Top of Input data
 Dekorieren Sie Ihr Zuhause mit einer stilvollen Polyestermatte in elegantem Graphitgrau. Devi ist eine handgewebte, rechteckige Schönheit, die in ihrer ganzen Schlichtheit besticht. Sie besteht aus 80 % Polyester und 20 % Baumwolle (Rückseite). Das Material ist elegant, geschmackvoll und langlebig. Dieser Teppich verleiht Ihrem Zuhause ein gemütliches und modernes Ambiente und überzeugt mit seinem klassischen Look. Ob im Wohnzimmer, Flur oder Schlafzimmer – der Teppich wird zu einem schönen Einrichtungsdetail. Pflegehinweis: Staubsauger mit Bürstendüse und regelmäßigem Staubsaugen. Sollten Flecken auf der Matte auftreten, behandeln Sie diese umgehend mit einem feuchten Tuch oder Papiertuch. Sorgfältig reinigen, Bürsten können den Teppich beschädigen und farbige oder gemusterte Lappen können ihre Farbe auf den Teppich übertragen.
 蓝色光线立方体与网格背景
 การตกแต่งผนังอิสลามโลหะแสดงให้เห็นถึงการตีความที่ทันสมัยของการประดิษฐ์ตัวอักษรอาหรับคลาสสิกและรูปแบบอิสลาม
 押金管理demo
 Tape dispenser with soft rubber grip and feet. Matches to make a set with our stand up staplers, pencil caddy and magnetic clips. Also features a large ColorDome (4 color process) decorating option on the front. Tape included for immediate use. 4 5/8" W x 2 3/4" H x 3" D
Bottom of Input data
Top of Input data
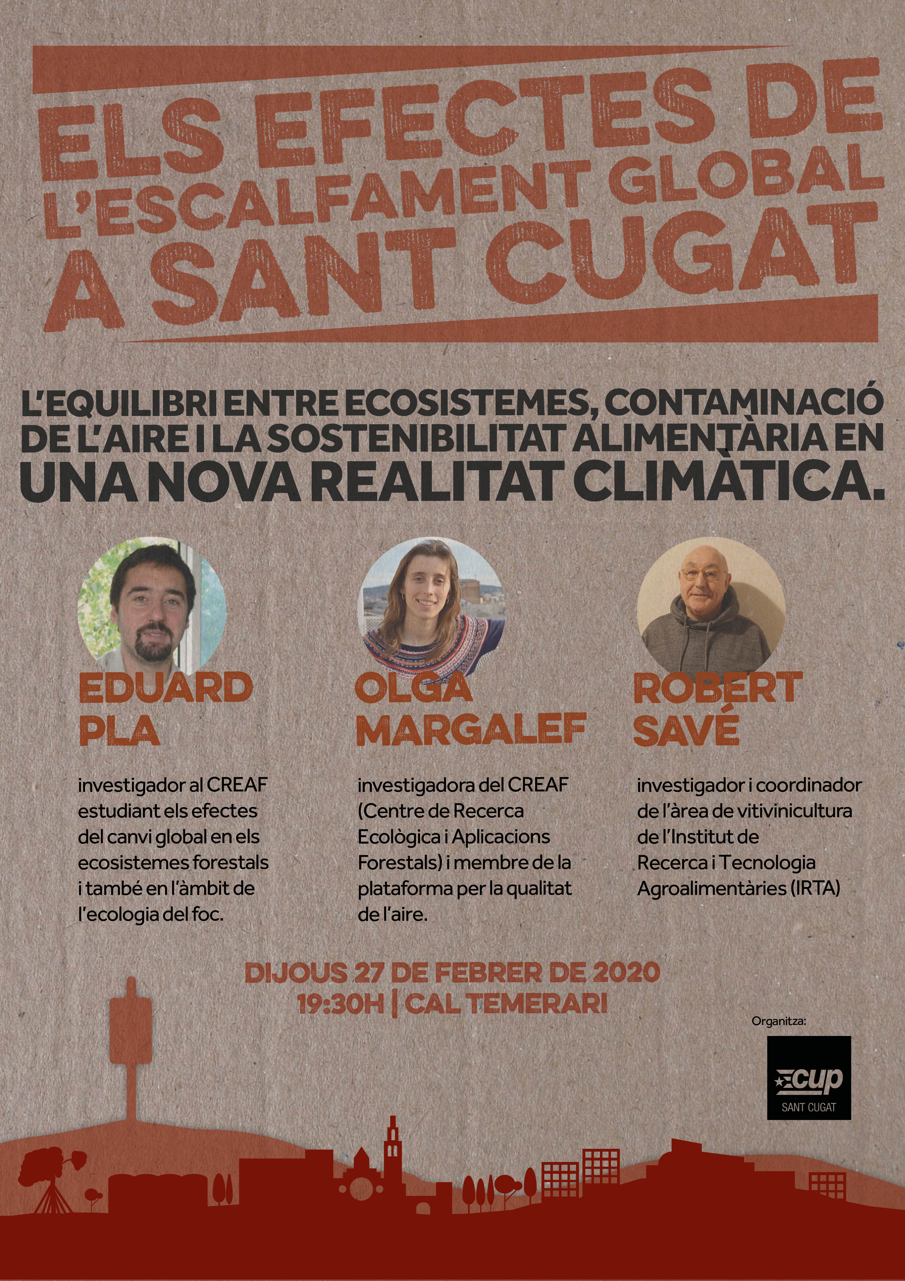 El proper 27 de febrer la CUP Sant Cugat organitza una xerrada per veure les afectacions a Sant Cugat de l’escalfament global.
Bottom of Input data
Reprint exactly the lines above that start at the one with "การตกแต่งผนังอ" and end at the one with "Tape dispenser with", keeping both and adding none.

 การตกแต่งผนังอิสลามโลหะแสดงให้เห็นถึงการตีความที่ทันสมัยของการประดิษฐ์ตัวอักษรอาหรับคลาสสิกและรูปแบบอิสลาม
 押金管理demo
 Tape dispenser with soft rubber grip and feet. Matches to make a set with our stand up staplers, pencil caddy and magnetic clips. Also features a large ColorDome (4 color process) decorating option on the front. Tape included for immediate use. 4 5/8" W x 2 3/4" H x 3" D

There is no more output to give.